Contentment was a huge test in Paul’s life. After all, God said he would use him mightily: “Go, for he is a chosen vessel of mine to bear my name before Gentiles, kings, and the children of Israel” (Acts 9:15, NKJV). When Paul first received this commission, “Immediately he preached the Christ in the synagogues, that he is the Son of God” (Acts 9:20).

Paul was in no hurry to see everything fulfilled in his lifetime. He knew he had an ironclad promise from God, and he clung to it. For the present moment, he was content to minister wherever he was, witnessing to a jailer, a sailor or a few women on a riverbank. This man had a worldwide commission, yet he was faithful to testify one-on-one.

Nor was Paul jealous of younger men who seemed to pass him by. While they traveled the world winning Jews and Gentiles to Christ, Paul sat in prison. He had to listen to reports of great crowds being converted by men he’d battled with over the gospel of grace, yet Paul didn’t envy those men. He knew that a Christ-surrendered man knows how to abase as well as abound. “Now godliness with contentment is great gain. For we brought nothing into this world, and it is certain we can carry nothing out. And having food and clothing, with these we shall be content” (1 Timothy 6:6-8).

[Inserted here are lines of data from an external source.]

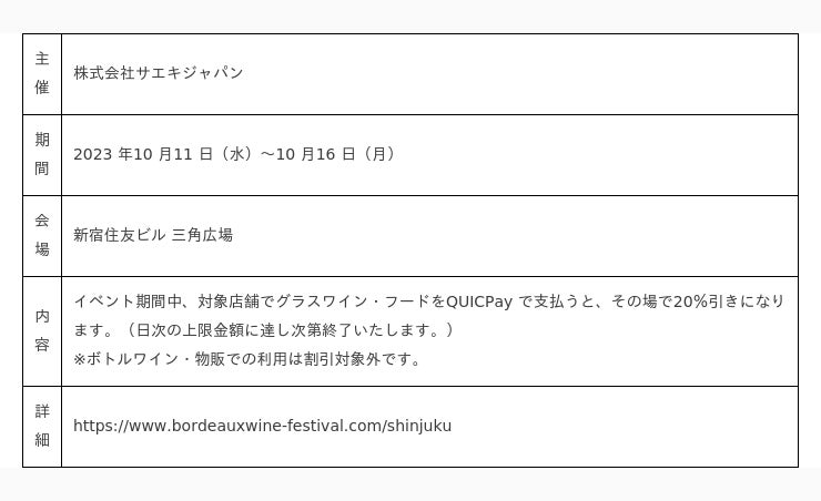 株式会社ジェーシービー (本社:東京都港区、代表取締役兼執行役員社長:二重 孝好、以下:JCB)は、2023 年10 月11 日(水)から16 日(月)まで開催する「ボルドーワイン祭りin 新宿」に協賛し、グラスワインやフードをQUICPay で支払うと20%引きとなる優待を提供します。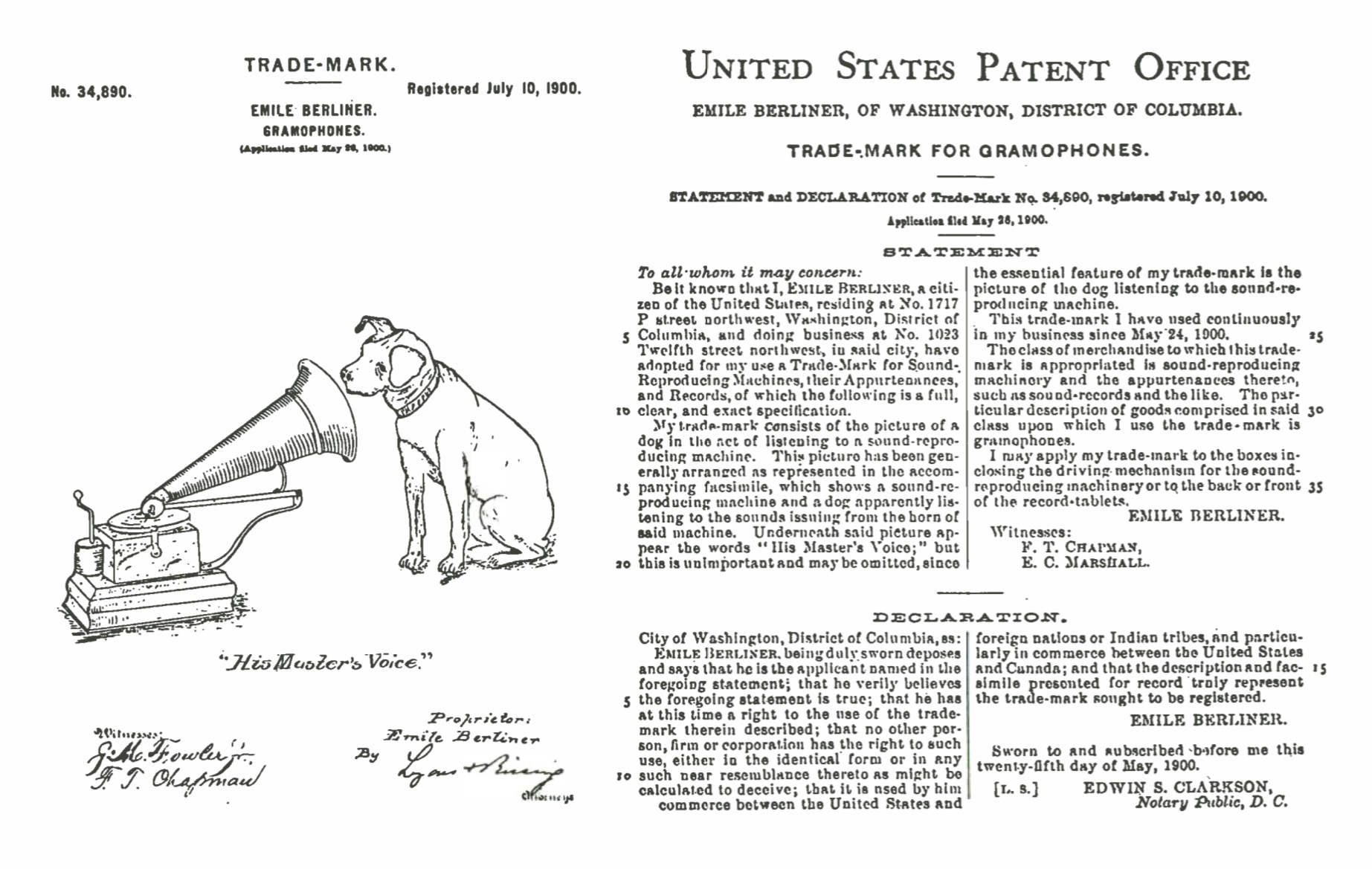 The logo and the phrase “His master’s voice” appeared in advertising literature and sometimes on company stationery. Emile Berliner visited the British office in May 1900, saw the painting, and soon registered it as a trademark over in America. Eldridge Johnson soon took over Berliner’s rights to the trademark for his new Victor Talking Machine Company and began heavily promoting it.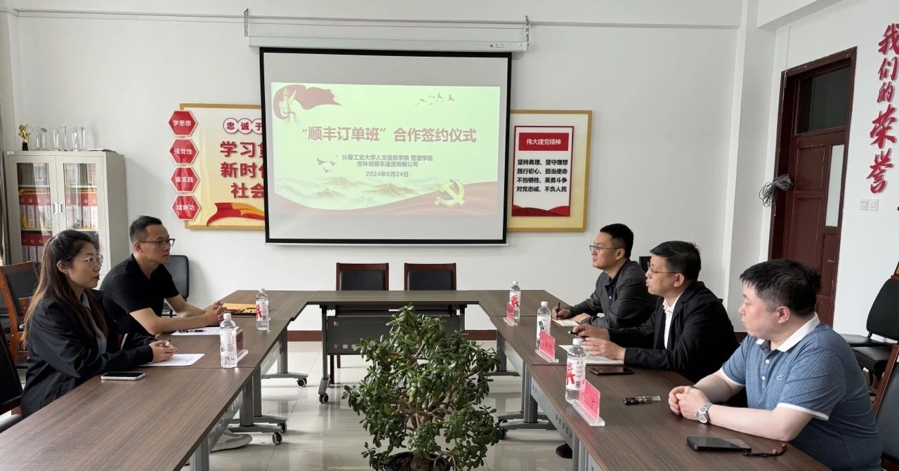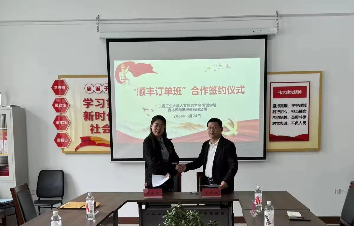 6月24日下午,我校管理学院与吉林省顺丰速递有限公司举行顺丰订单班设立签约仪式。学院院长宋殿辉,顺丰速递有限公司吉林区人才生态负责人林芳至代表校企双方签署订单班合作协议。学院党总支书记李振坤、实训中心主任孙广,顺丰速递有限公司招聘经理林立文共同参加了签约仪式。
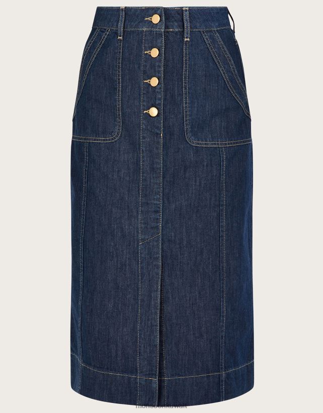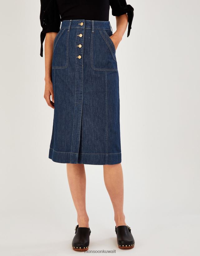 Monsoon معنى - تنورة بأزرار من الدينيم مصنوعة من القطن العضوي ملابس الأزرق (الدنيم الأزرق) Monsoon نحيف N4BV8X1025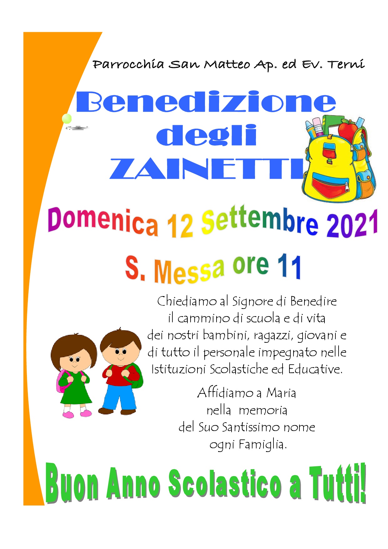 Domenica 12 settembre alla messa delle ore 11 saranno benedetti gli zainetti e gli studenti come segno di vicinanza a ragazzi e famiglie nel momento di riapertura della Scuola. Una benedizione per prossimo cammino di scuola e di vita dei bambini e ragazzi e di tutte le persone impegnate nelle istituzioni scolastiche ed educative.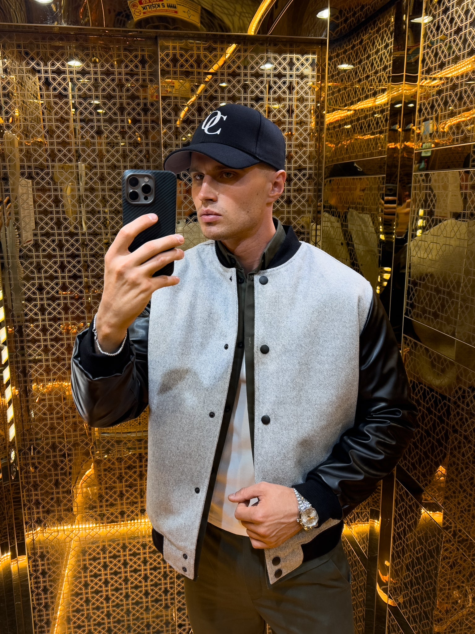 A stylish leather bomber suitable for any outfit. Easily pairs with many pieces, making it perfect for mixing and matching your entire wardrobe. This model refreshes any look thanks to its cut and design.

The world today might say to Paul, “You are at the end of your life now, but you have no savings, no investments. All you have is a change of clothes.” I know what Paul’s answer would be. He wrote, “For I consider that the sufferings of this present time are not worthy to be compared with the glory which shall be revealed in us. For the earnest expectation of the creation eagerly waits for the revealing of the sons of God” (Romans 8:18-19).

May we say with Paul, “I’ve won Christ. I’m the winner! I’ve found the pearl of great price. Jesus granted me the power to lay down everything and take it up again myself. Well, I laid it all down, and now a crown awaits me. I have only one goal in this life: to see my Jesus, face to face.”